Does no one recall even recent history?

In the pre-dawn hours of April 15th, 1986, then President Ronald Reagan ordered a retaliatory strike against Libya after its agents had bombed a West Berlin nightclub, La Belle, killing and wounding American servicemen. Forty-five strike aircraft from three US aircraft carriers in the Mediterranean and from Lakenheath Air Force Base in England made simultaneous attacks on military targets in Libya. The raid, called El Dorado Canyon, did little real military damage even though Qaddafi barely missed being killed as, doubtlessly, he was a prime target.

Collateral damage was also slight. But in a media frenzy, the impact was hyped. Qaddafi claimed an adopted infant daughter was killed — still very much in question. The French embassy was almost hit, giving then Prime Minister Jacques Chirac further reason to condemn the attack and along with Spain and Portugal, deny overflight rights for the English-based F-111s. US public opinion overwhelmingly supported Reagan. Aside from Margaret Thatcher, international reaction was predictably negative.

Qaddafi is a villain. The sooner he is gone, the better the world will be. However, removing him is not easy. And he likes revenge.

After El Dorado Canyon, Qaddafi organised the blowing up of Pan American Flight 103 over Lockerbie Scotland in 1988. Failure to remove Qaddafi now could easily provoke future acts of terror and greater support of extremists. We should not forget that history. Nor should we be deterred by it.

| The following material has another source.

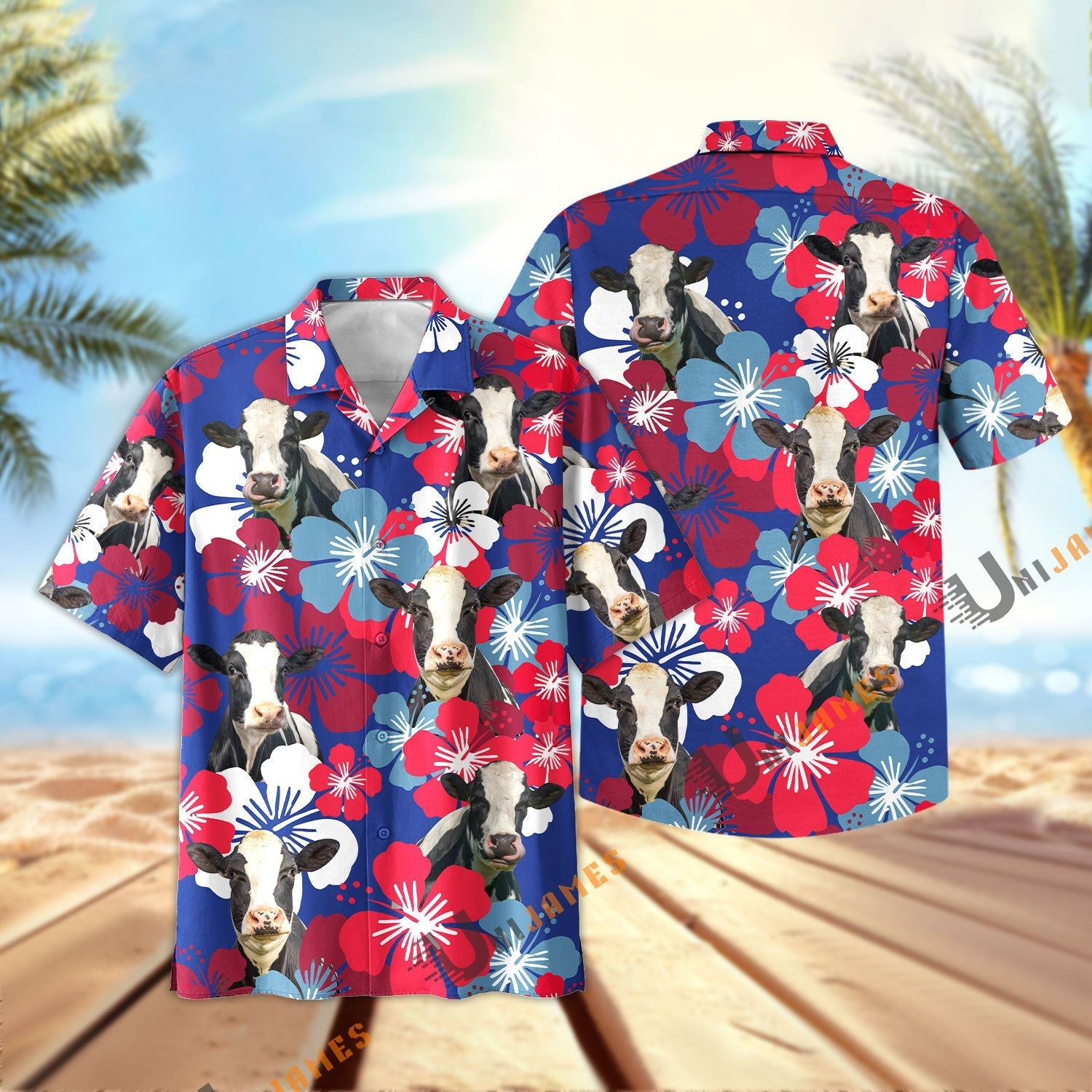 Unique Holstein Flower Blue Red 3D Hawaiian Shirt

US Secretary of Defence Robert Gates and Chairman of the Joint Chiefs Admiral Mike Mullen have cautioned that establishing an effective no-fly zone over Libya is a complex operation. Libyan air defences would have to be eliminated. Then, a continuous air presence requiring substantial numbers of aircraft would be needed. Further, there is no guarantee that such action would prevent Qaddafi from using his ground forces and artillery rather than an air force perhaps more likely to defect than to fight the rebels. And would helicopters be included in a no-fly regime unlike after the first Gulf War in Iraq in 1991 when Saddam Hussein used them to put down the Shia uprising?

If one is to kill the king, make certain the king is killed. That would require targeting Qaddafi and/or deploying friendly ground forces to ensure the Libyan army was defeated or neutralised. With Qaddafi gone, who would rule in his stead, as opposition leaders are not well known to and by the west? And given the wars in Iraq and Afghanistan, both the US and its NATO allies are already overstretched if a third ground war was to be declared.

Kosovo also is an important reminder about deposing dictators. In the spring of 1999, concurrent with a NATO summit in Washington celebrating the alliance’s 50th anniversary (and the impeachment proceedings against President Bill Clinton over the Monica Lewinski affair), a bombing campaign to force Serbian leader Slobodan Milosevic to stop the killing of Kosovars was to last 78 days. The only reason Milosevic capitulated was because ground intervention was finally threatened, an action that if taken on day one most likely would have ended the campaign then and there.

If the civilised world wants Qaddafi gone — and the arguments are powerful — three steps are essential. First, force sufficient to ensure his rule ends is mandatory, meaning the use of ground forces, at a minimum, is credibly threatened. A no-fly zone cannot guarantee that outcome and could provoke more loss of life as well as terrorist retaliation a la Lockerbie. Second, a follow-on leadership regime, including an EU, UN or other mandate to help that transition, must be on hand. Last, unlike the second Iraq war, plans and resources to ensure Libya moves to a pluralistic political system under the rule of law have to be in place.

Short of those efforts, a no-fly zone, while representing the outrage of the west and civilised peoples, will be a placebo not a cure for Qaddafi. As much as the outside world wants Qaddafi gone and the killing stopped, the only practical solution may be covert aid to the rebels. Here, the Afghanistan model could also apply. In supporting the mujahideen, the Taliban were created. In supporting the rebels, who knows what might follow.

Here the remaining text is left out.